**TASK DETAILS:**
The entries below should be set down again exactly, with every picture left out.

**DATA SUPPLIED:**
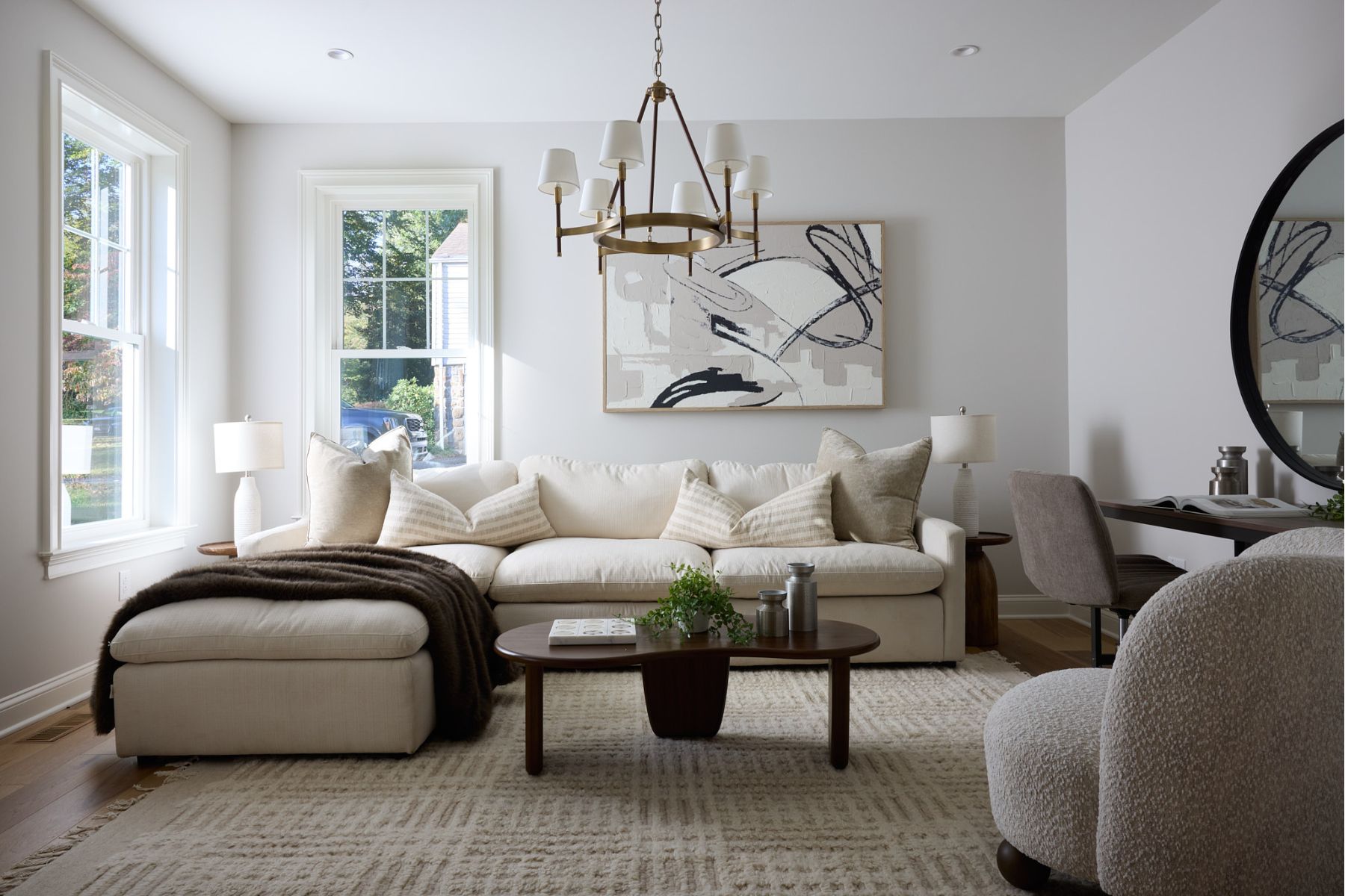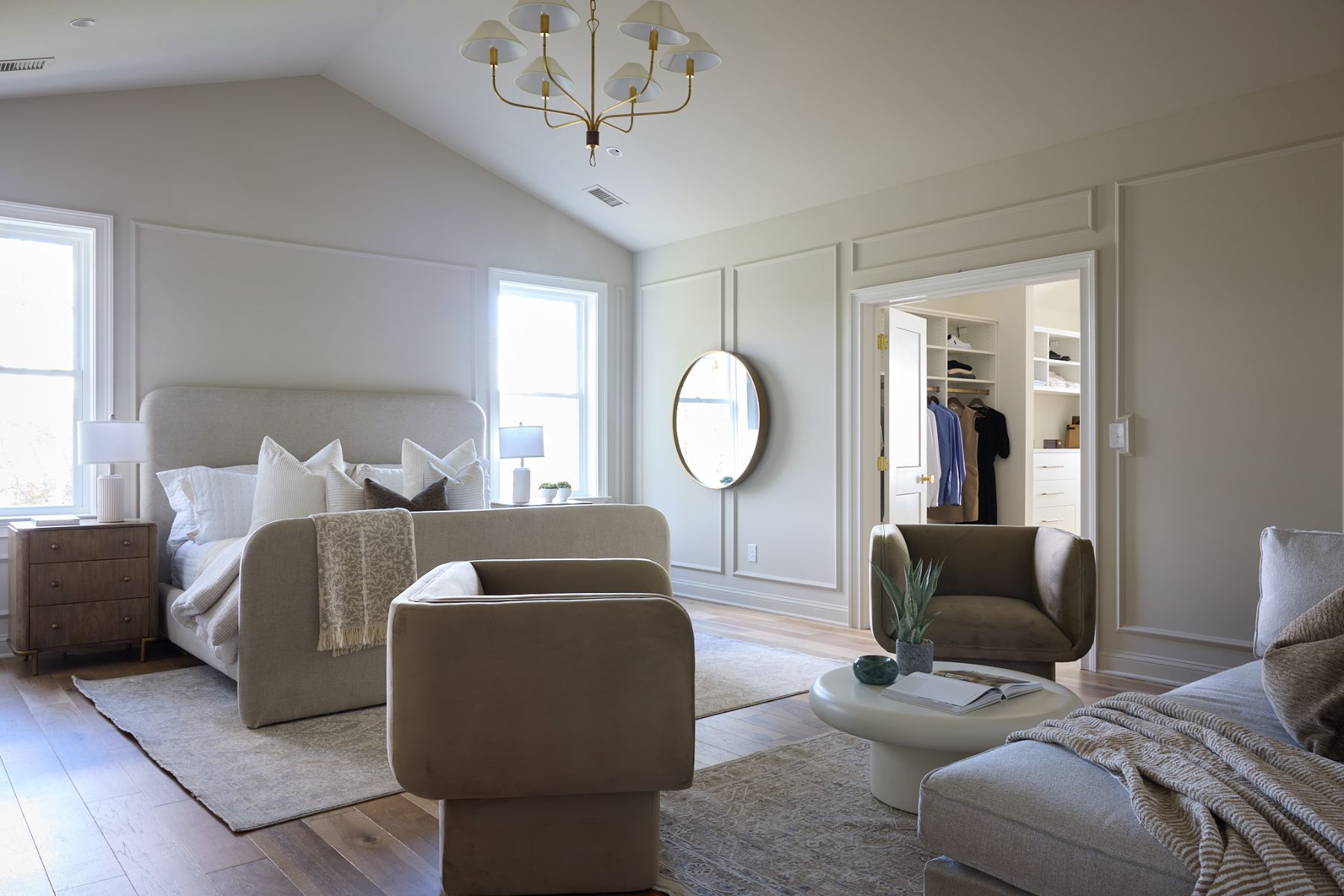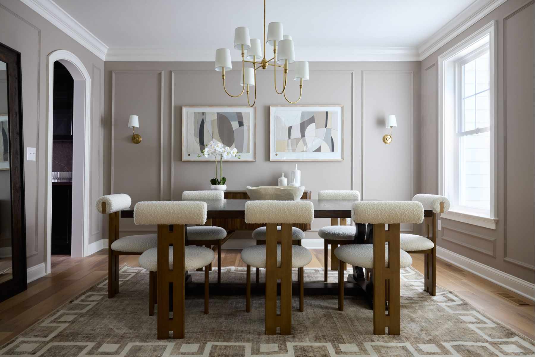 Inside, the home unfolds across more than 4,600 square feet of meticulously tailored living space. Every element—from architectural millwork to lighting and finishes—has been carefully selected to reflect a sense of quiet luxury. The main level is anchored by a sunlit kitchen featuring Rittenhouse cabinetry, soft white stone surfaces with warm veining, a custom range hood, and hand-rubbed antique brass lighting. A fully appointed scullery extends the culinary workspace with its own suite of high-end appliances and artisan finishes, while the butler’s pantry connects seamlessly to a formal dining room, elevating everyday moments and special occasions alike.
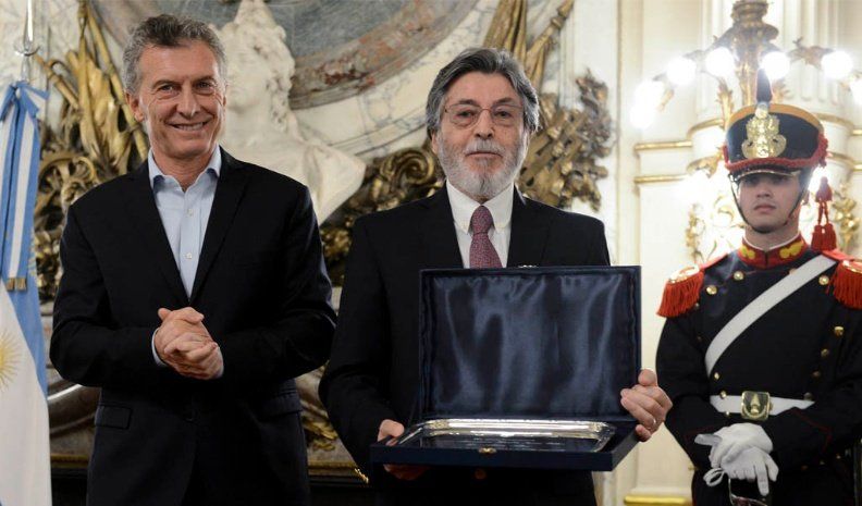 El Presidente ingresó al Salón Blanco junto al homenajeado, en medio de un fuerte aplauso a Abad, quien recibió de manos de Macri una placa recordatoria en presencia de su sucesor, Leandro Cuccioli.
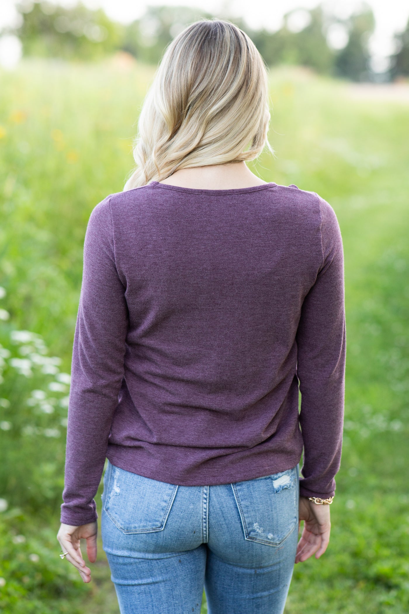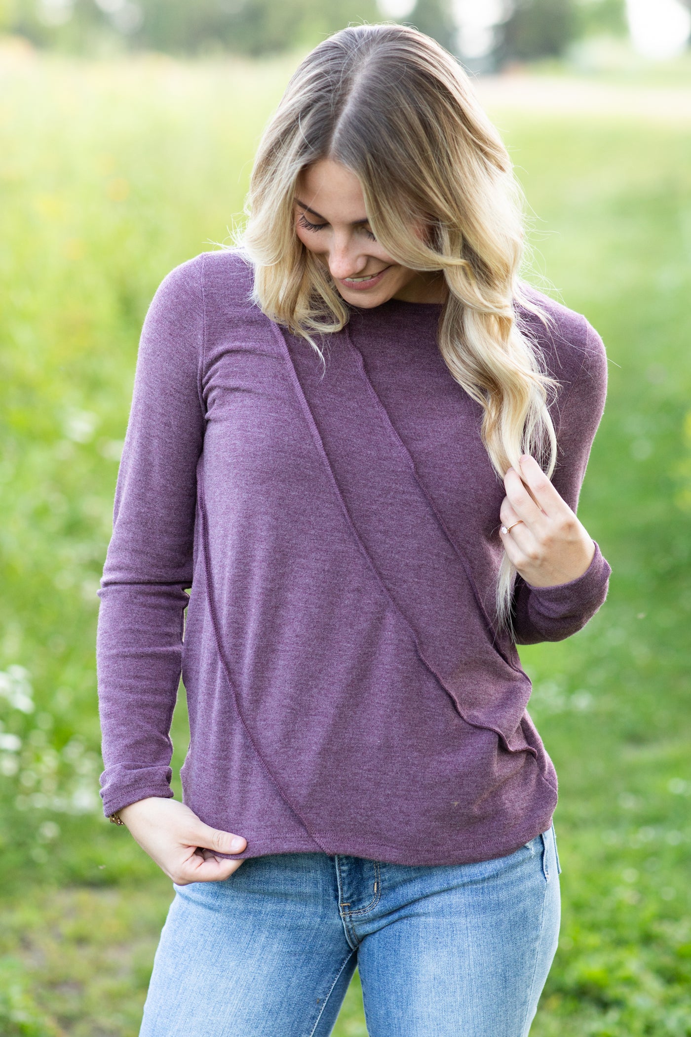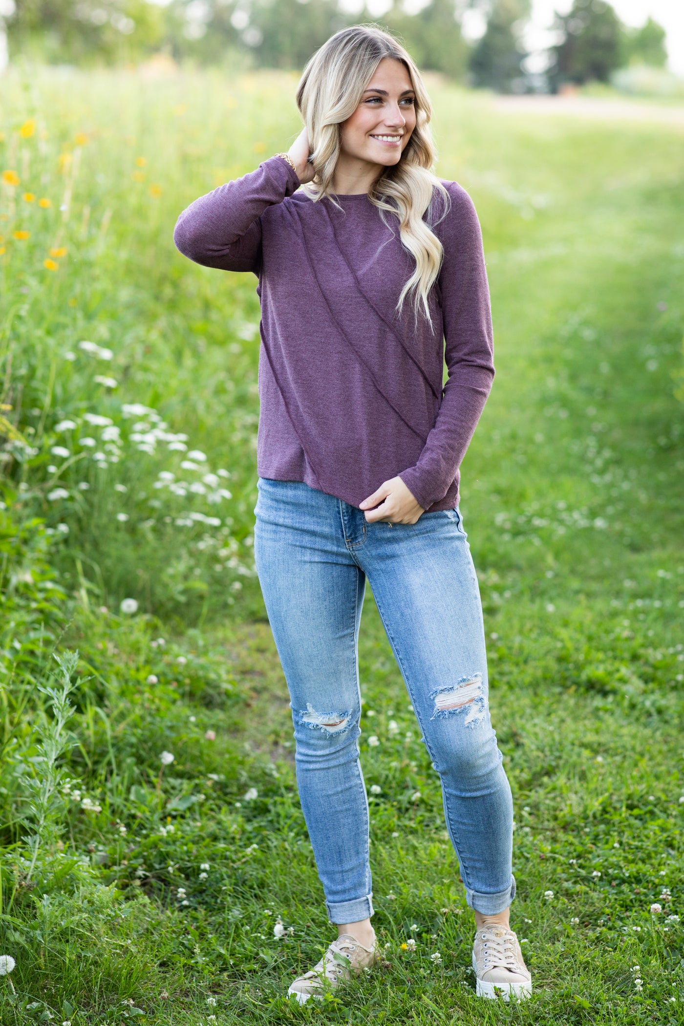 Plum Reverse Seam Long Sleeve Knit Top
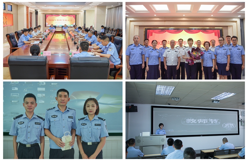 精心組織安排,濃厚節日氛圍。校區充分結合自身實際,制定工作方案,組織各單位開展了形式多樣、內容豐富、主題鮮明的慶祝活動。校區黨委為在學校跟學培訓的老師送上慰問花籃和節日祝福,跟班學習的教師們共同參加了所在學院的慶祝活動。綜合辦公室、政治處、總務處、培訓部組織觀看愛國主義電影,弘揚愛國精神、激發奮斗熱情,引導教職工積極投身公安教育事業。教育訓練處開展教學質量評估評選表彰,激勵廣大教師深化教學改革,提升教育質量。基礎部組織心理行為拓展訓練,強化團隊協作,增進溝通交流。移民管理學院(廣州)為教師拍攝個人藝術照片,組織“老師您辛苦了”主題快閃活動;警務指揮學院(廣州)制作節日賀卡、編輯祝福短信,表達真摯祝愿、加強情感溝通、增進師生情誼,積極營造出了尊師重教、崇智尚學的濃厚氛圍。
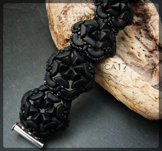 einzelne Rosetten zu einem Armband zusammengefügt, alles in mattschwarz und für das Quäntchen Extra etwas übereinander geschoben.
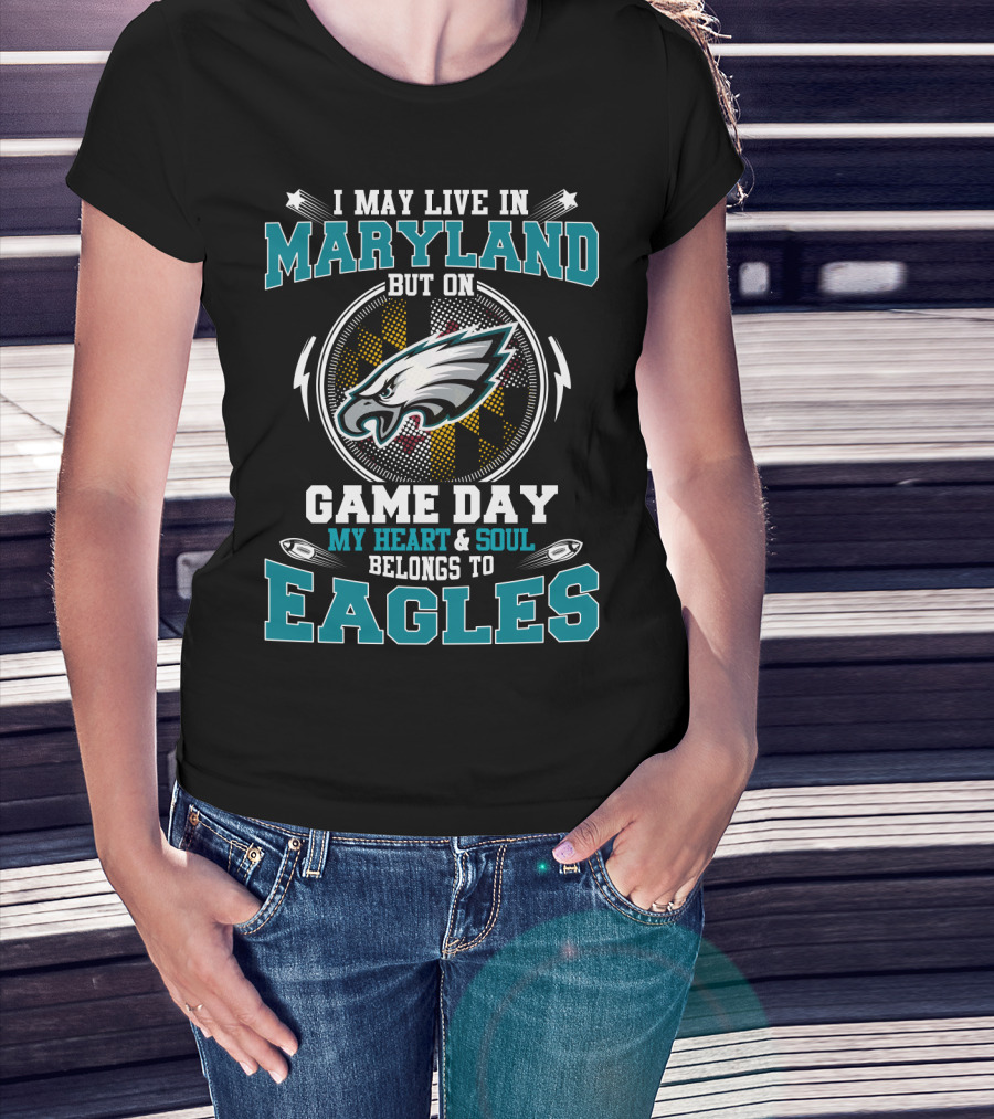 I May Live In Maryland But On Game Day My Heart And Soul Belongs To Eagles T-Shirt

**RESULT FOR THIS EXERCISE:**
 Inside, the home unfolds across more than 4,600 square feet of meticulously tailored living space. Every element—from architectural millwork to lighting and finishes—has been carefully selected to reflect a sense of quiet luxury. The main level is anchored by a sunlit kitchen featuring Rittenhouse cabinetry, soft white stone surfaces with warm veining, a custom range hood, and hand-rubbed antique brass lighting. A fully appointed scullery extends the culinary workspace with its own suite of high-end appliances and artisan finishes, while the butler’s pantry connects seamlessly to a formal dining room, elevating everyday moments and special occasions alike.
 El Presidente ingresó al Salón Blanco junto al homenajeado, en medio de un fuerte aplauso a Abad, quien recibió de manos de Macri una placa recordatoria en presencia de su sucesor, Leandro Cuccioli.
 Plum Reverse Seam Long Sleeve Knit Top
 精心組織安排,濃厚節日氛圍。校區充分結合自身實際,制定工作方案,組織各單位開展了形式多樣、內容豐富、主題鮮明的慶祝活動。校區黨委為在學校跟學培訓的老師送上慰問花籃和節日祝福,跟班學習的教師們共同參加了所在學院的慶祝活動。綜合辦公室、政治處、總務處、培訓部組織觀看愛國主義電影,弘揚愛國精神、激發奮斗熱情,引導教職工積極投身公安教育事業。教育訓練處開展教學質量評估評選表彰,激勵廣大教師深化教學改革,提升教育質量。基礎部組織心理行為拓展訓練,強化團隊協作,增進溝通交流。移民管理學院(廣州)為教師拍攝個人藝術照片,組織“老師您辛苦了”主題快閃活動;警務指揮學院(廣州)制作節日賀卡、編輯祝福短信,表達真摯祝愿、加強情感溝通、增進師生情誼,積極營造出了尊師重教、崇智尚學的濃厚氛圍。
 einzelne Rosetten zu einem Armband zusammengefügt, alles in mattschwarz und für das Quäntchen Extra etwas übereinander geschoben.
 I May Live In Maryland But On Game Day My Heart And Soul Belongs To Eagles T-Shirt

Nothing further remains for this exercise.